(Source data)
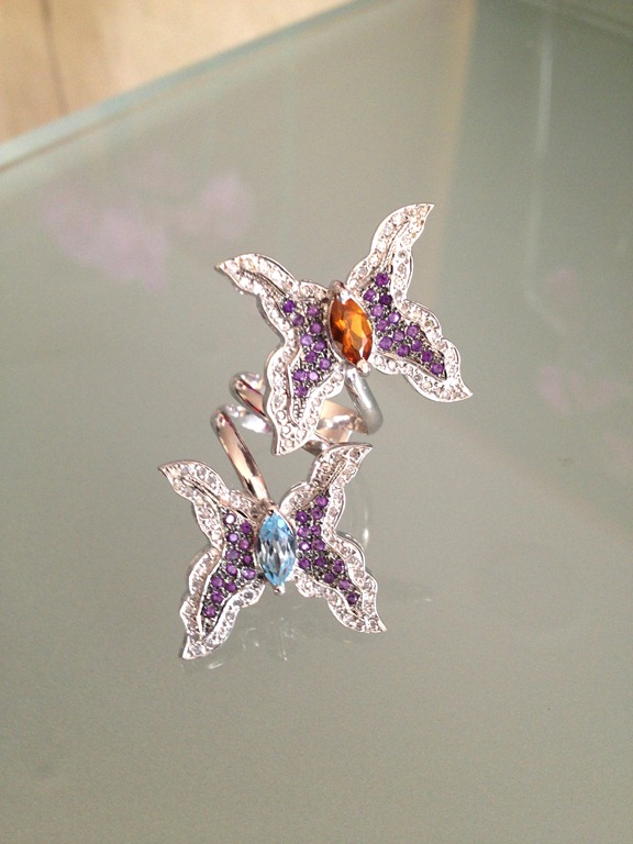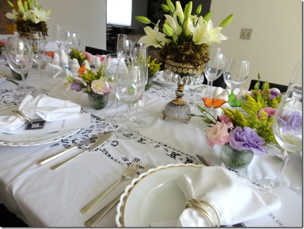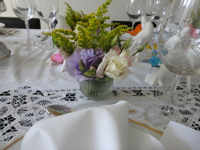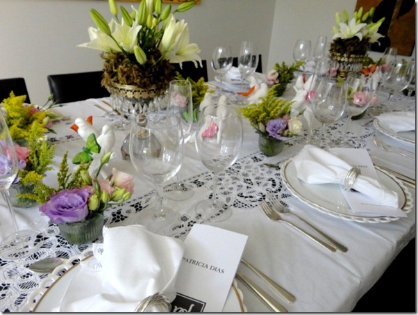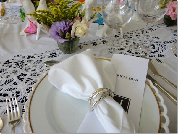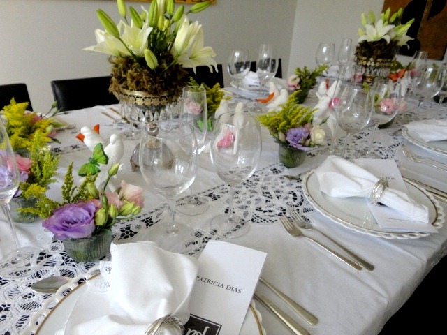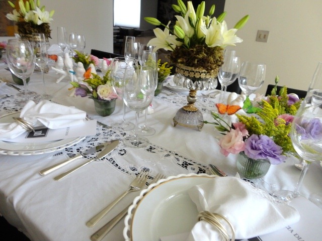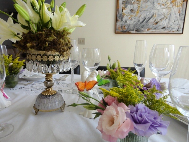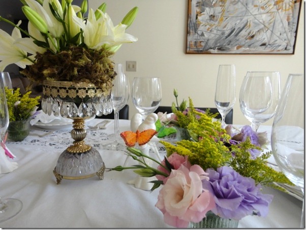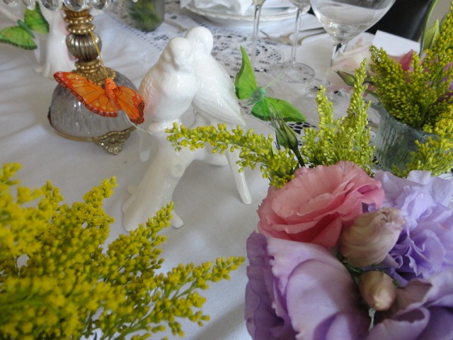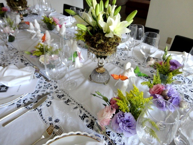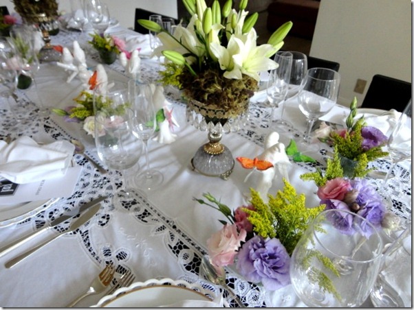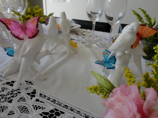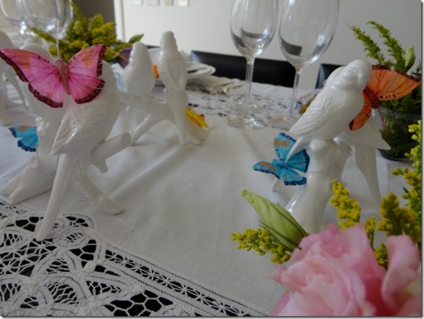 Borboletas e pássaros também no centro da mesa, entre os lírios nos cristais .
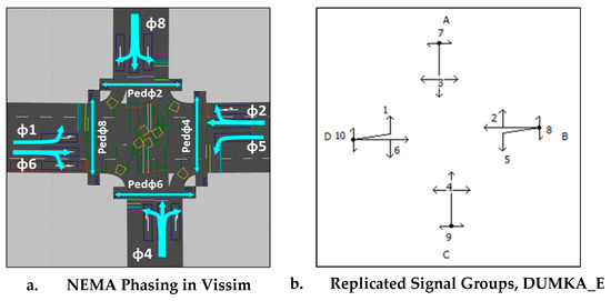 To showcase the modeling capabilities of DUMKA_E, an actuated-coordinated operation was selected that encompasses all crucial aspects of RBC operations (e.g., properly functioning offset values, cycle lengths, green splits, detection, etc.). Two signalized intersections, namely #4800 and #5200, were specifically chosen to fulfill this objective. The traffic demands for these scenarios are moderate, with low pedestrian activities. Figure 13 illustrates the scheme of intersection #4800 in Vissim developed based on the NEMA phasing (Figure 13a) and the layout of signal groups, as designed in the DUMKA_E corresponding to the same intersection (Figure 13b).
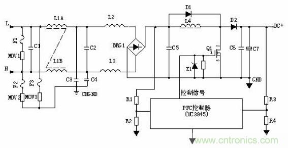 輸入電壓經(jīng)L1、L2、L3等組成的EMI濾波器,BRG1整流一路送PFC電感,另一路經(jīng)R1、R2分壓后送入PFC控制器作為輸入電壓的取樣,用以調(diào)整控制信號的占空比,即改變Q1的導通和關(guān)斷時間,穩(wěn)定PFC輸出電壓。L4是PFC電感,它在Q1導通時儲存能量,在
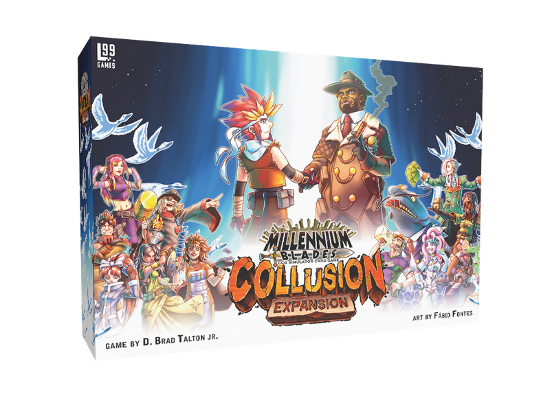 Millennium Blades : Collusion est une extension finale et une solution de stockage pour conclure l'épopée Millennium Blades, avec plus de quatre cents nouvelles cartes, six personnages, le mode équipe, et plus encore.
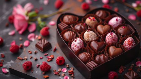 A beautifully arranged box of assorted chocolates showcases various shapes and flavors. Surrounding the box, heart-shaped chocolates add a festive touch, perfect for celebrations.
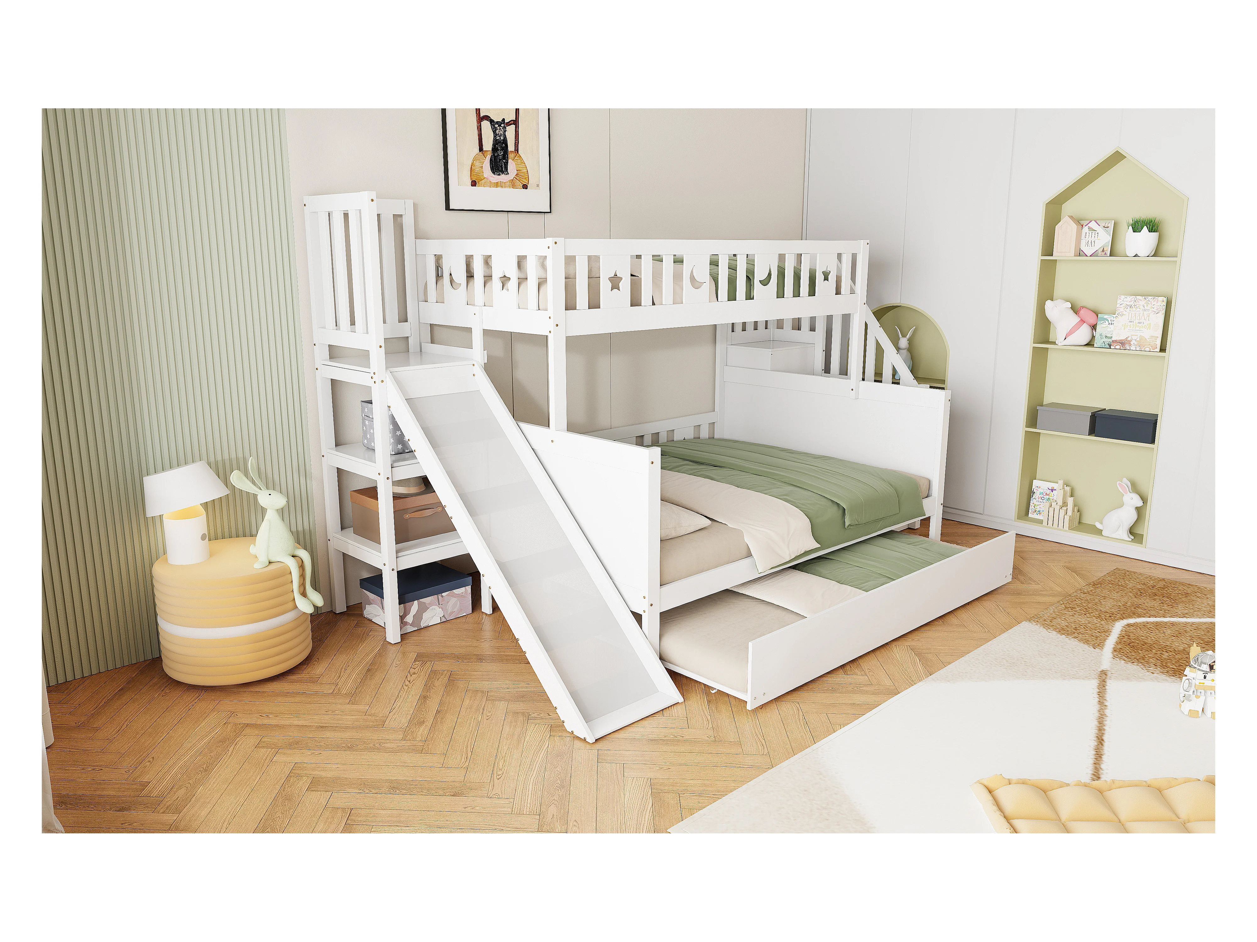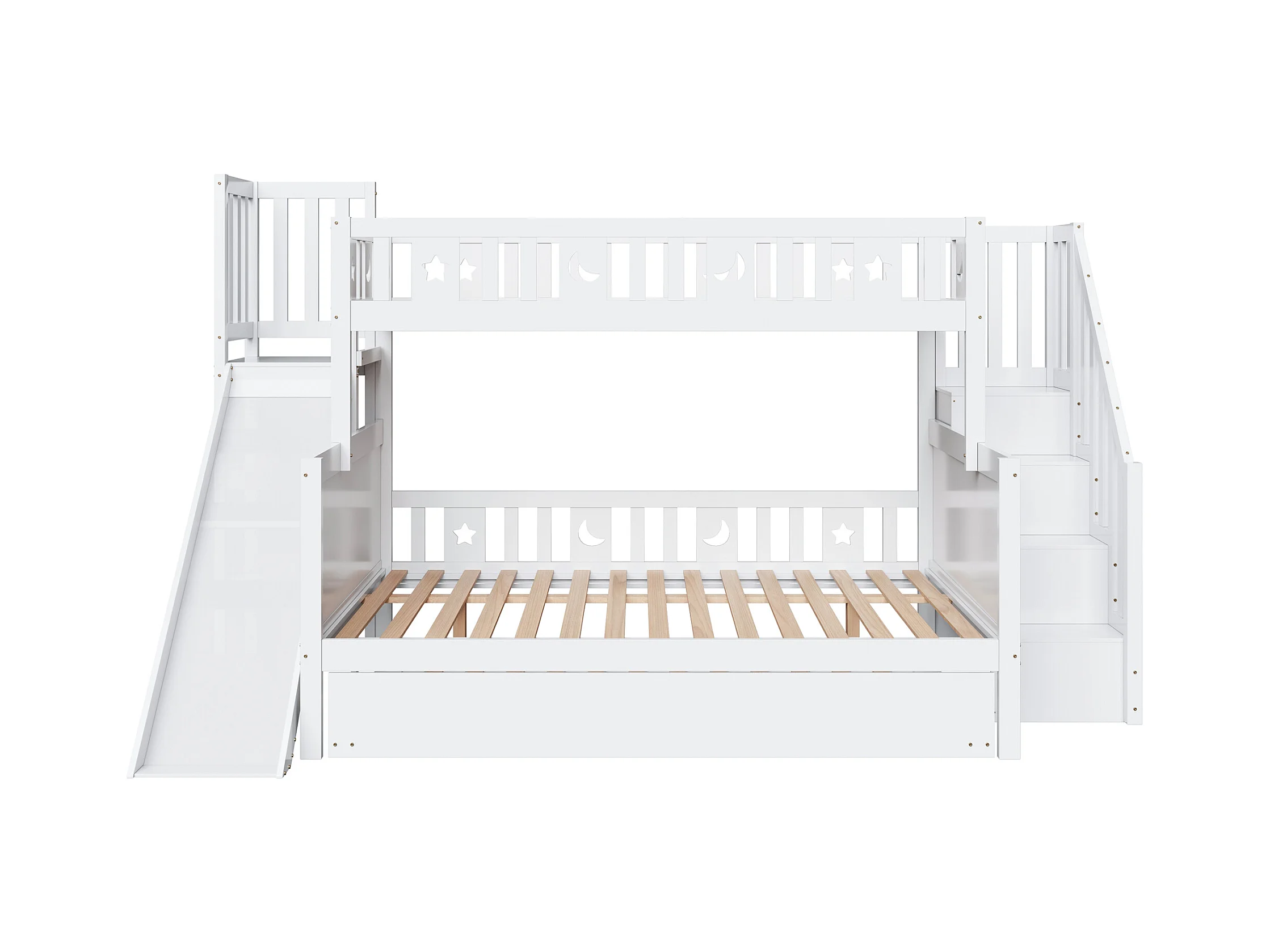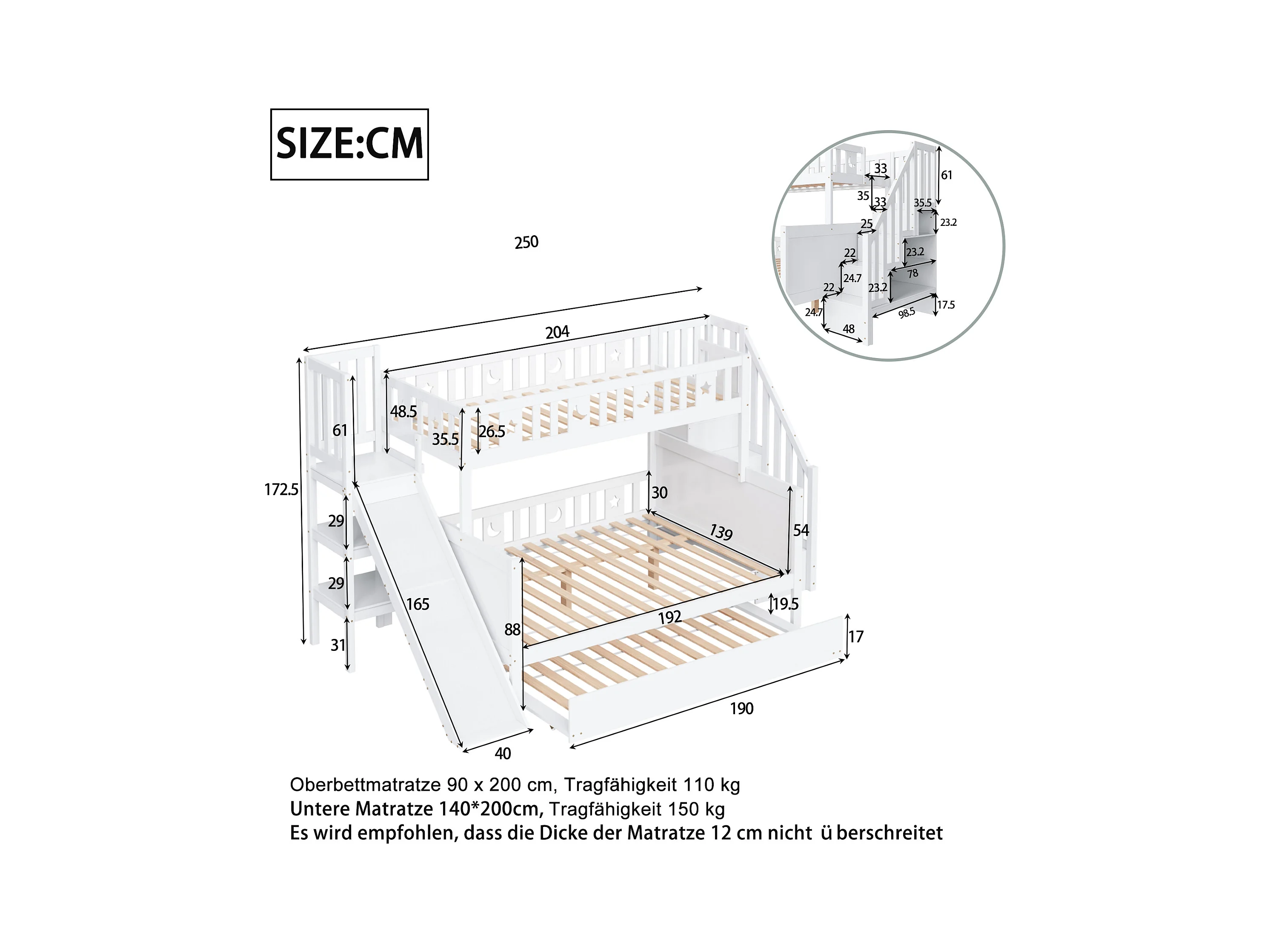 Kinderbett 90*200/140*200cm,Massivholz-Etagenbett mit Rutsche und Regal
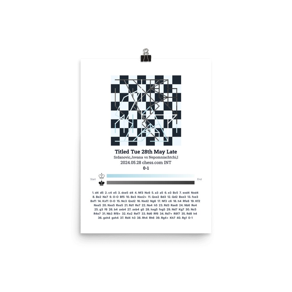 Museum-quality poster on thick, durable matte paper. A sharp, clean look for any chess visualisation.
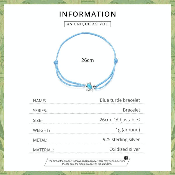 S925 Sterling Silver Blue Turtle Bracelet Women Jewelry

Task details -
Above are the records; set down exactly the lines from the line containing "Kinderbett 90*200/140*200cm,Massivholz-Etagenbett mit" through their last line, leaving every picture out.

The completed task -
 Kinderbett 90*200/140*200cm,Massivholz-Etagenbett mit Rutsche und Regal
 Museum-quality poster on thick, durable matte paper. A sharp, clean look for any chess visualisation.
 S925 Sterling Silver Blue Turtle Bracelet Women Jewelry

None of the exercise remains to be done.